The Guantánamo detainees are in legal limbo. The Bush administration refuses to designate them prisoners of war, a label that would entitle them to immunity from prosecution for acts committed during a lawful war, among other things. Nor is the administration treating them as ordinary criminal defendants, entitled to know the charges against them and allowed to contest their confinement in court. The government's position is that the detainees are "unlawful combatants" who can be held incommunicado indefinitely.

Whatever their legal status, the Guantánamo detainees must be given a chance to contest their confinement. Those who were wrongly caught up in the military's net must have an opportunity to make their case.

As noncitizens captured in wartime, they may not have the right to have their claims heard in United States courts. But they must be given some forum, like a military tribunal, in which to contest their continued imprisonment. The rules of evidence, and the standard of proof for holding them, may be different from those in ordinary criminal trials. But there must be rules, and at least some individualized proof, for the detentions to be proper.
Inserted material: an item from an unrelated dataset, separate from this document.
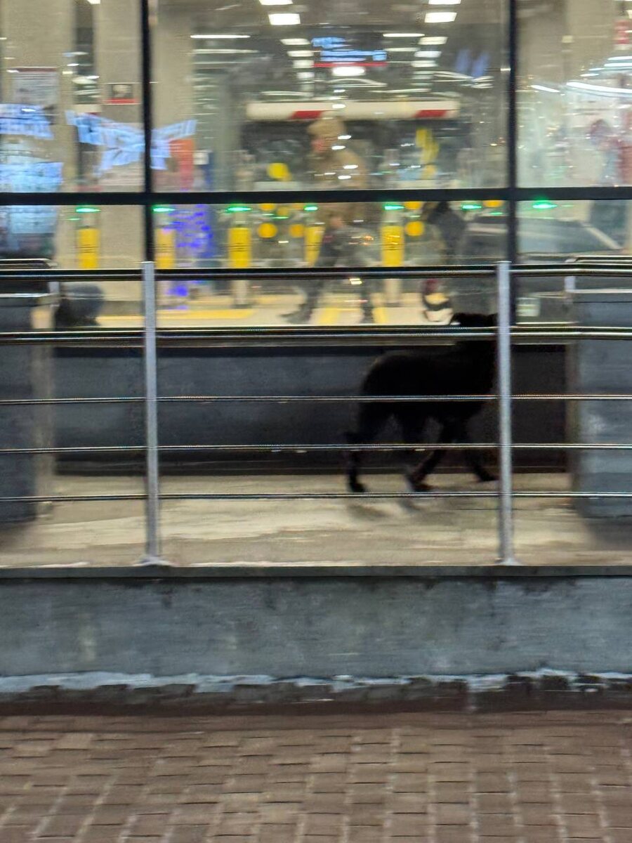 МЦД Подольск бегает черный щенок, пытается зайти в вокзал, чтобы погреться
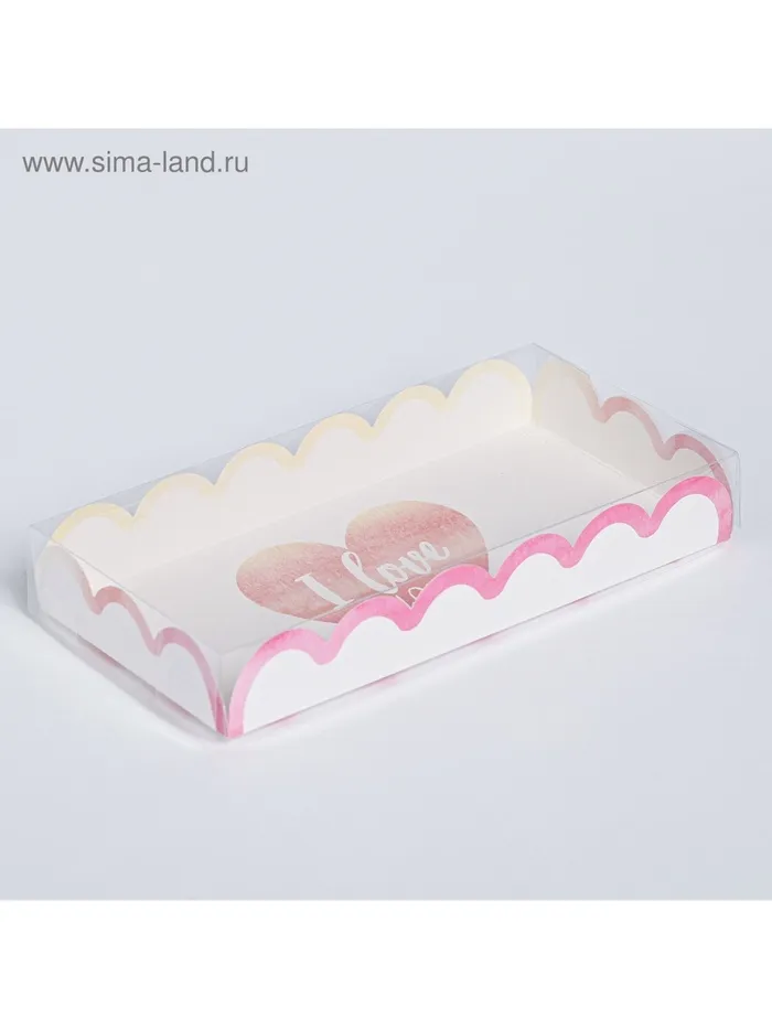 Коробка для печенья, кондитерская упаковка с пластиковой крышкой, I love you, 21 х 10.5 х 3 см — Характеристики

The ruling, from the United States Court of Appeals for the District of Columbia Circuit in a suit filed by Kuwaiti, British and Australian detainees, said that the court lacked jurisdiction to hear claims by the Guantánamo prisoners who contend that they are being wrongfully held. It is a disturbing decision that gives the administration essentially unchecked power to imprison foreigners. The court abdicated its role by not exercising any oversight in this important matter.
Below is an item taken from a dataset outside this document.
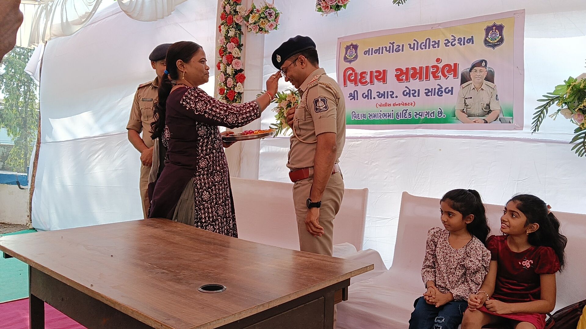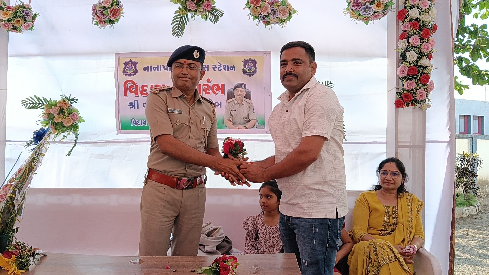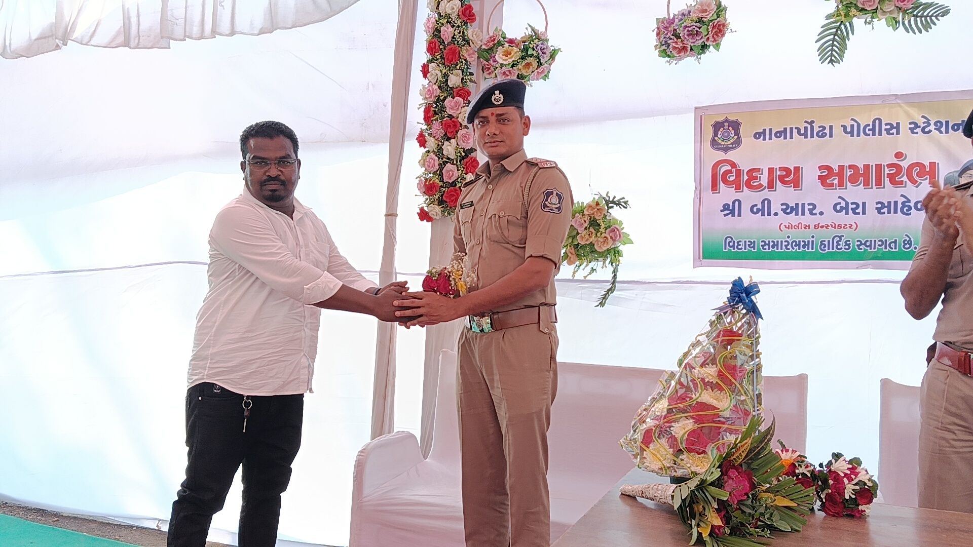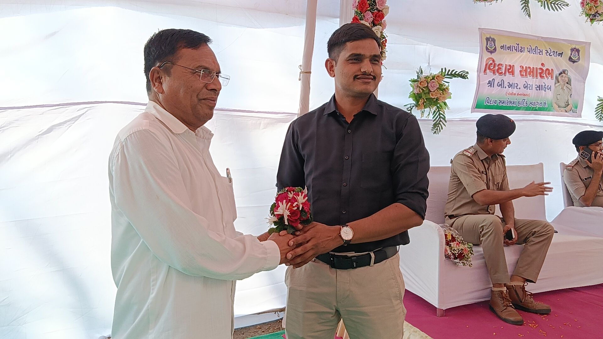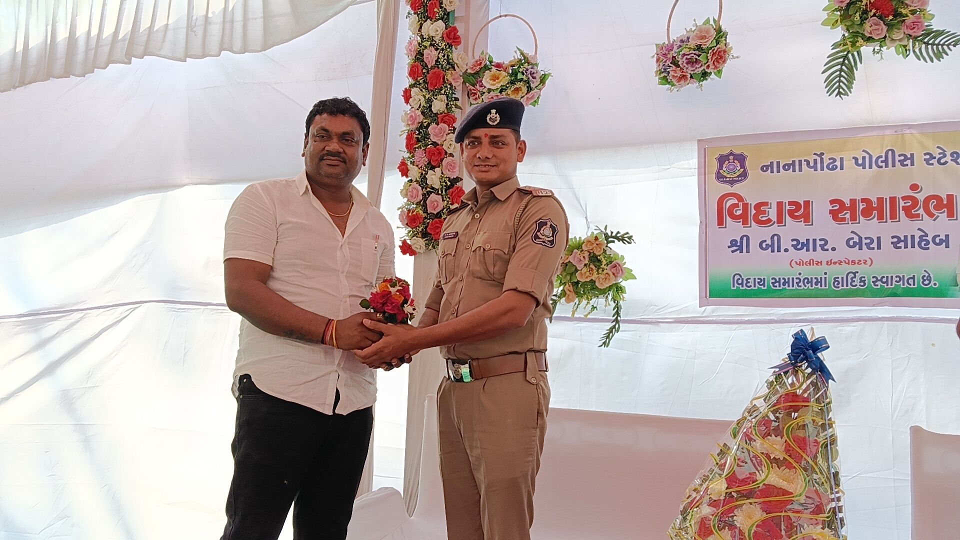 વલસાડ જિલ્લાના નાનાપોઢા પોલીસ મથકે સેવા બજાવનાર પોલીસ ઇન્સ્પેક્ટર ભીમસિંહ બેરાની બદલી થતાં તેમની માનમાં ભવ્ય અને ભાવભરી વિદાય સમારંભનું આયોજન કરવામાં આવ્યું હતું. સાથે જ નવ નિયુક્ત પોલીસ ઇન્સ્પેક્ટરનું ઉષ્માભર્યું આવકાર સમારંભ પણ યોજાયો હતો, જેમાં તાલુકાના અગ્રણીઓ, પોલીસ અધિકારીઓ, કર્મચારીઓ તથા સરપંચો મોટી સંખ્યામાં ઉપસ્થિત રહ્યા હતા.

In refusing to let the Guantánamo detainees challenge their confinement, the administration is trampling on their rights. It is also damaging America's reputation for fairness. The administration should rethink its policies, and the Supreme Court should reverse yesterday's unfortunate decision.

It would be easy to forget about these men. I presume that many of them were in fact members of Al Qaeda, or Taliban soldiers fighting on their behalf. Al Qaeda members committed a heinous act of terrorism, and the Taliban refused to hand them over. We were within our rights to pursue and destroy both organizations, and the world is better off without them (though the extent to which we are free of these movements is certainly an open question).
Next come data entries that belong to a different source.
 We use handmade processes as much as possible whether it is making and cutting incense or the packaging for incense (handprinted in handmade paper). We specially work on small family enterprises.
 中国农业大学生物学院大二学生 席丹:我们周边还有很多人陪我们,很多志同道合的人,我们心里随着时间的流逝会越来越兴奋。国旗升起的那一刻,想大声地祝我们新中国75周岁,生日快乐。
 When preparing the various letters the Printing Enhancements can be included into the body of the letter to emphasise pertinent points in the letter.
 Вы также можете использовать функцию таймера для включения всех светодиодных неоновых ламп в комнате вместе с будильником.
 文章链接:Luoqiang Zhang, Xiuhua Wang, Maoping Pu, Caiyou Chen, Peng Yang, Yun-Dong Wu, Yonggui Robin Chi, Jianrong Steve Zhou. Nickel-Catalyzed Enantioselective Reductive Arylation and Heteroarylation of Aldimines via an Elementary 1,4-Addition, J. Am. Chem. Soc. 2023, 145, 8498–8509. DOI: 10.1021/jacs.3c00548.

Having said that, none of this changes the fact that these men -- however grave their alleged crimes -- are human beings with certain rights. If they are prisoners of war, then they must be treated in accordance with the guidelines to which we have agreed for the treatment of such prisoners, including contact with the outside world and release after the end of hostilities. If they aren't prisoners of war, then they must be treated in accordance with our own laws for criminal suspects, including the right to legal counsel and the right to be presumed innocent until proven guilty. Instead of following either of these paths, the Bush administration has invented a new legal concept to describe the prisoners, "unlawful combatants," which it claims frees it from any of these obligations, and then has used the peculiar territorial status of the US base at Guantánamo to keep the detainees out of the reach of US courts.

Watching the behavior of governments over time demonstrates that small programs targeted at a few often grow far beyond their originally promised purposes. If we allow our government to continue to deny the rights of hundreds of prisoners in Guantánamo, and justify this on the grounds that they are terrorists, we may wake up one day to find that it is no longer hundreds, but thousands. We may wake up one day to a frontal assault on the Bill of Rights and belatedly realize that it began here and now.